What's wanted is each entry repeated verbatim, minus its images.
━━━━━ RECORDS SHOWN
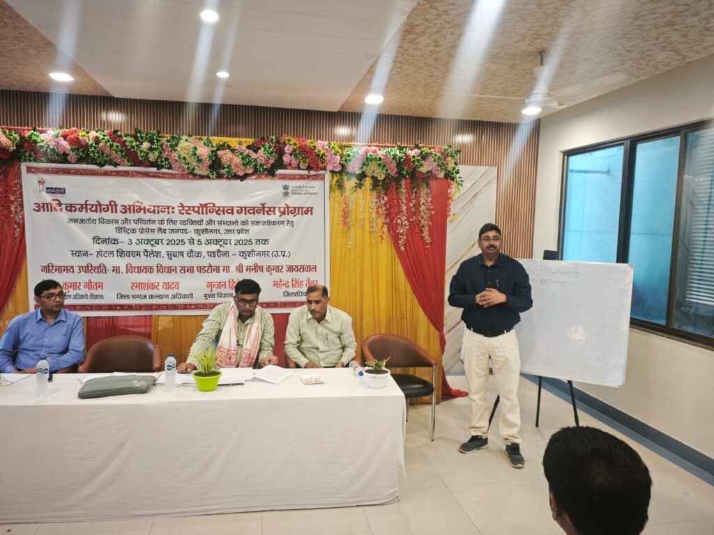 कुशीनगर पडरौना स्थित होटल शिवराम पैलेस में आदिवासी विकास और जागरूकता के लिए आयोजित आदि कर्मयोगी अभियान: रेस्पॉन्सिव गवर्नेंस प्रोग्राम* के तहत त्रि-दिवसीय ब्लॉक ट्रेनर प्रशिक्षण का भव्य शुभारंभ मा0 विधायक मनीष जायसवाल ने दीप प्रज्वलित कर किया।
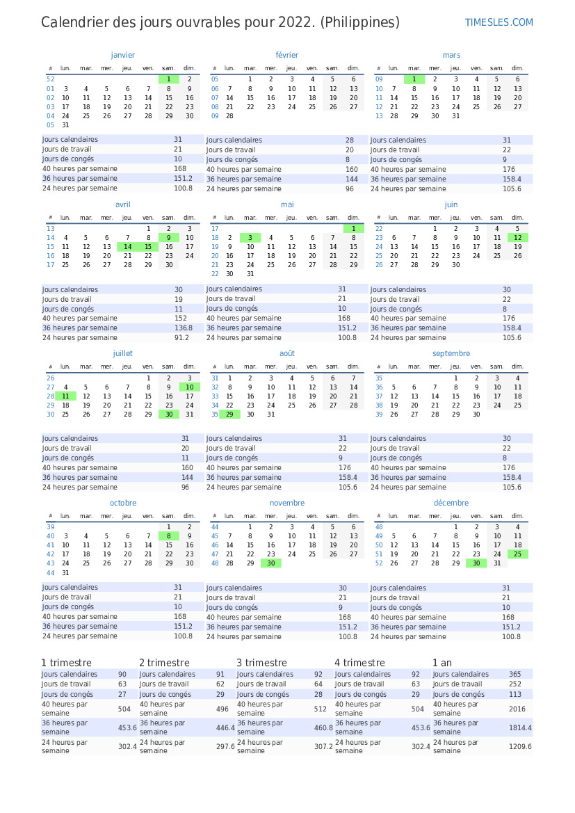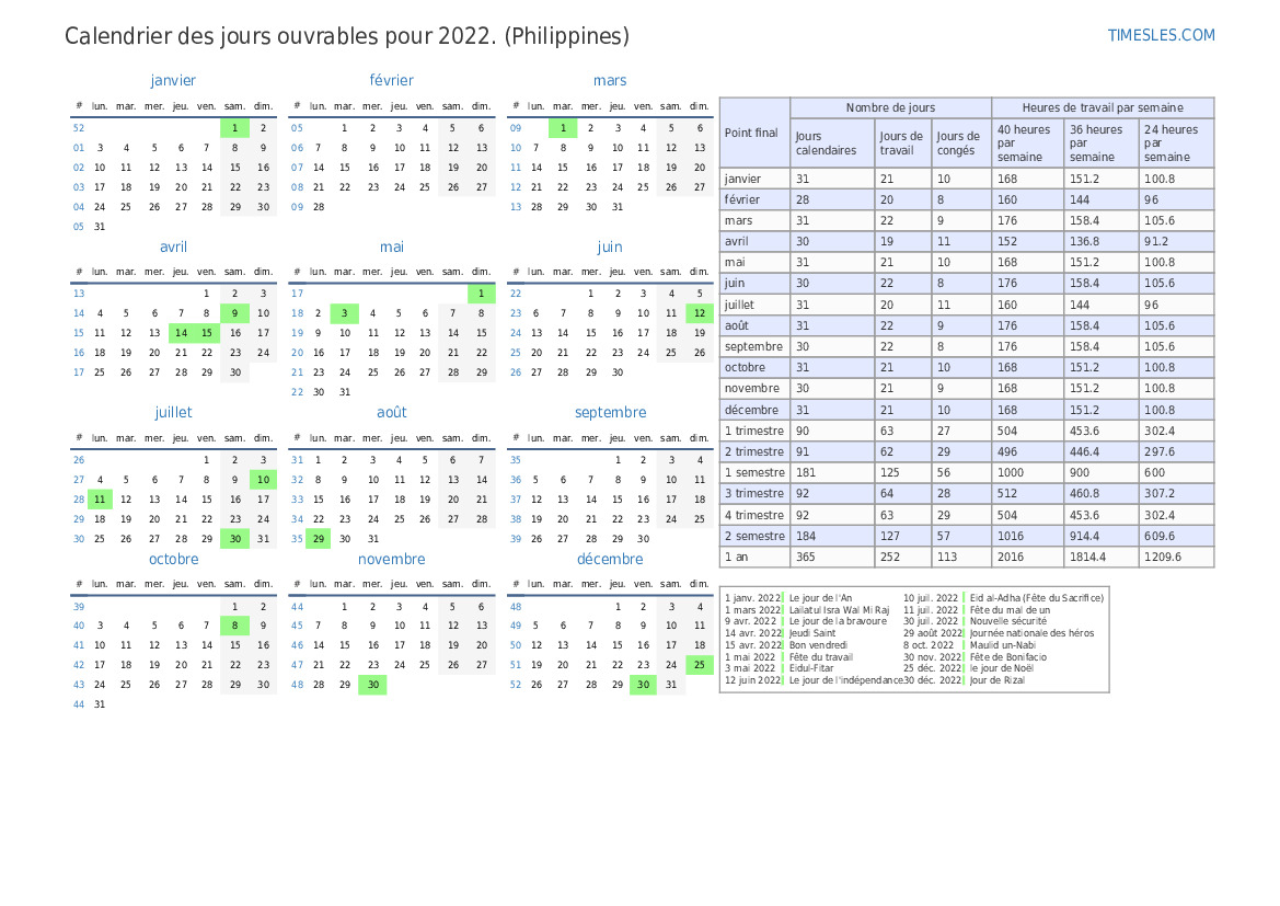 Jours ouvrables pour juin 2022 pour les Philippines
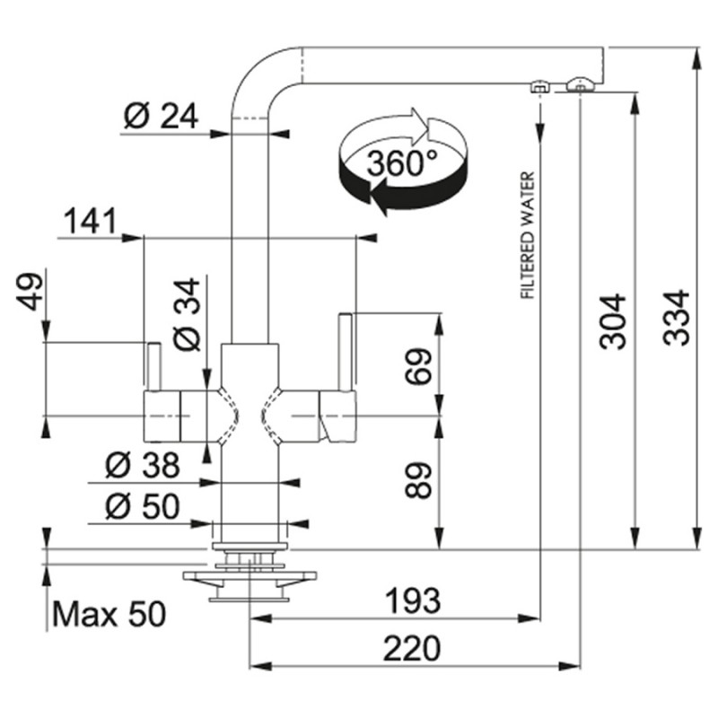 Смеситель Franke Neptune Clear Water предназначен для присоединения к водопроводной и фильтрованной воде. Один рычаг включает холодную и горячую воду, другой — фильтрованную. Благодаря современному дизайну смеситель подойдет к наиболее популярным моделям кухонь.
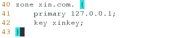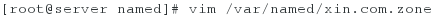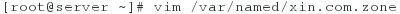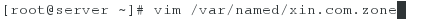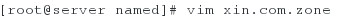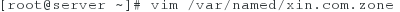 编辑/etc/named.rfc1912.zones文件,在xin.com域名设置
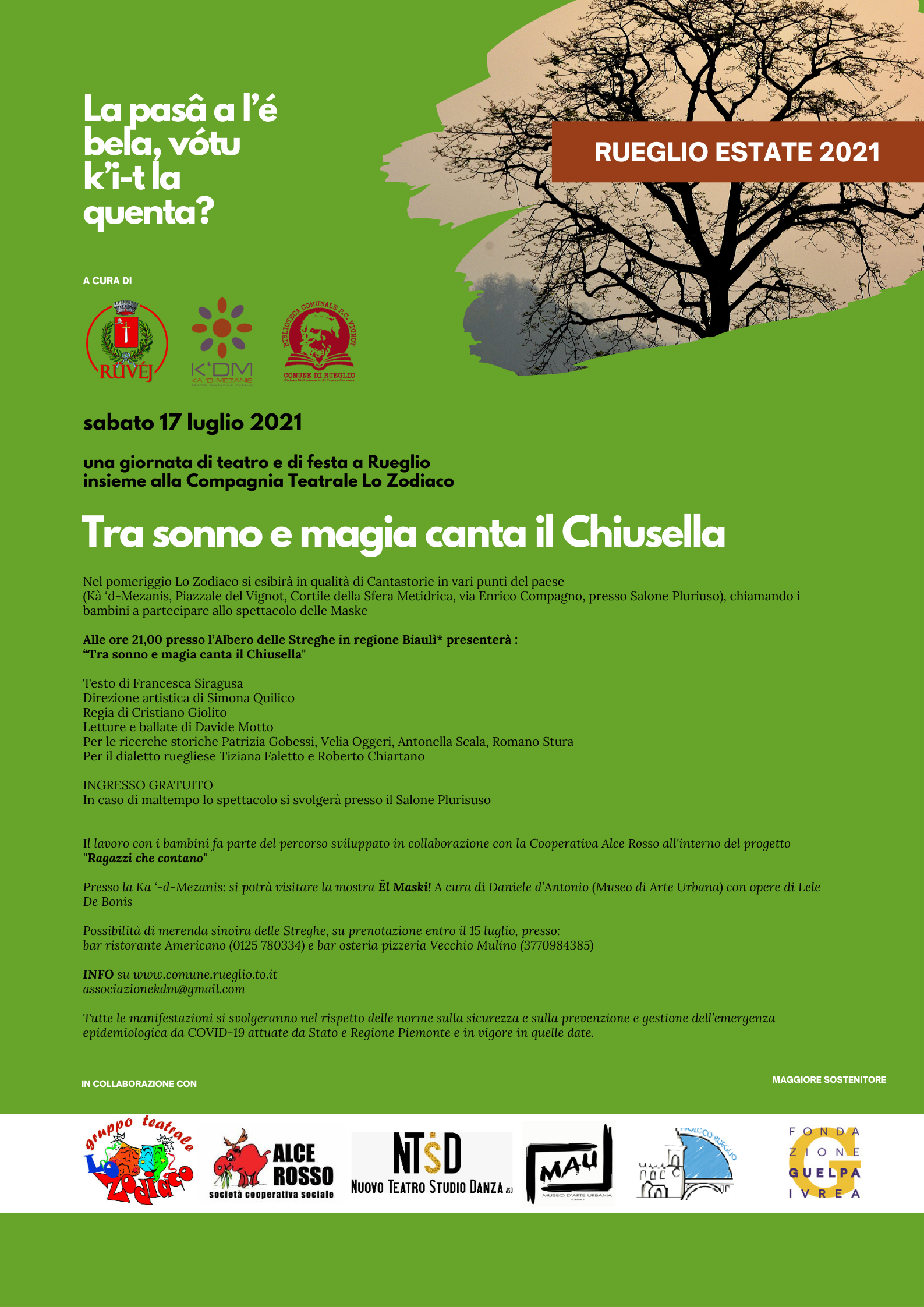 "La pasâ a l’é béla, votu k’it-la quènta?". La Compagnia Teatrale "Lo Zodiaco" presenta uno spettacolo teatrale sulle streghe (o maske), che vuole richiamare e mantenere vive le leggende locali, patrimonio della cultura immateriale della comunità.
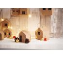 Through a small opening in the floor, the houses can be equipped with a micro LED light chain. Cut windows into it and punch out small stars in the roof. This gives the houses an additional shine
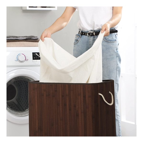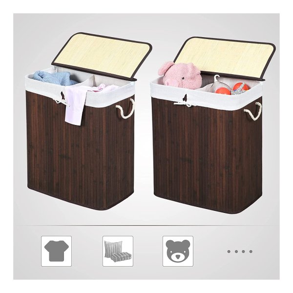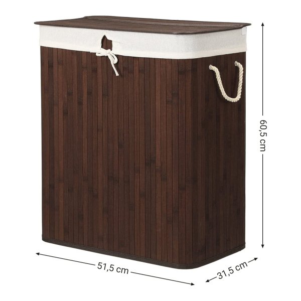 *WAT JE KRIJGT: Een wasmand van , gemaakt van bamboe en heeft 2 aparte vakken. Met deze kist sorteer je gemakkelijk donkere en lichte kleding voor de wasdag
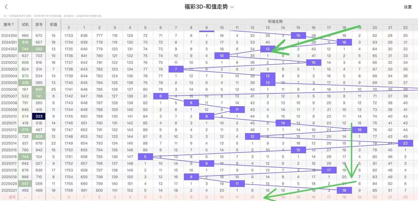 2025022期福彩3D和值走势图如下:
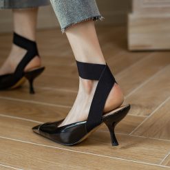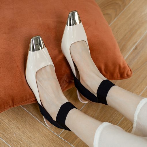 Style: The heel has an elegant curve design, a textured metal head, and a temperament strap design.
━━━━━━━━━━
**RESULT OF THIS TASK:**
 कुशीनगर पडरौना स्थित होटल शिवराम पैलेस में आदिवासी विकास और जागरूकता के लिए आयोजित आदि कर्मयोगी अभियान: रेस्पॉन्सिव गवर्नेंस प्रोग्राम* के तहत त्रि-दिवसीय ब्लॉक ट्रेनर प्रशिक्षण का भव्य शुभारंभ मा0 विधायक मनीष जायसवाल ने दीप प्रज्वलित कर किया।
 Jours ouvrables pour juin 2022 pour les Philippines
 Смеситель Franke Neptune Clear Water предназначен для присоединения к водопроводной и фильтрованной воде. Один рычаг включает холодную и горячую воду, другой — фильтрованную. Благодаря современному дизайну смеситель подойдет к наиболее популярным моделям кухонь.
 编辑/etc/named.rfc1912.zones文件,在xin.com域名设置
 "La pasâ a l’é béla, votu k’it-la quènta?". La Compagnia Teatrale "Lo Zodiaco" presenta uno spettacolo teatrale sulle streghe (o maske), che vuole richiamare e mantenere vive le leggende locali, patrimonio della cultura immateriale della comunità.
 Through a small opening in the floor, the houses can be equipped with a micro LED light chain. Cut windows into it and punch out small stars in the roof. This gives the houses an additional shine
 *WAT JE KRIJGT: Een wasmand van , gemaakt van bamboe en heeft 2 aparte vakken. Met deze kist sorteer je gemakkelijk donkere en lichte kleding voor de wasdag
 2025022期福彩3D和值走势图如下:
 Style: The heel has an elegant curve design, a textured metal head, and a temperament strap design.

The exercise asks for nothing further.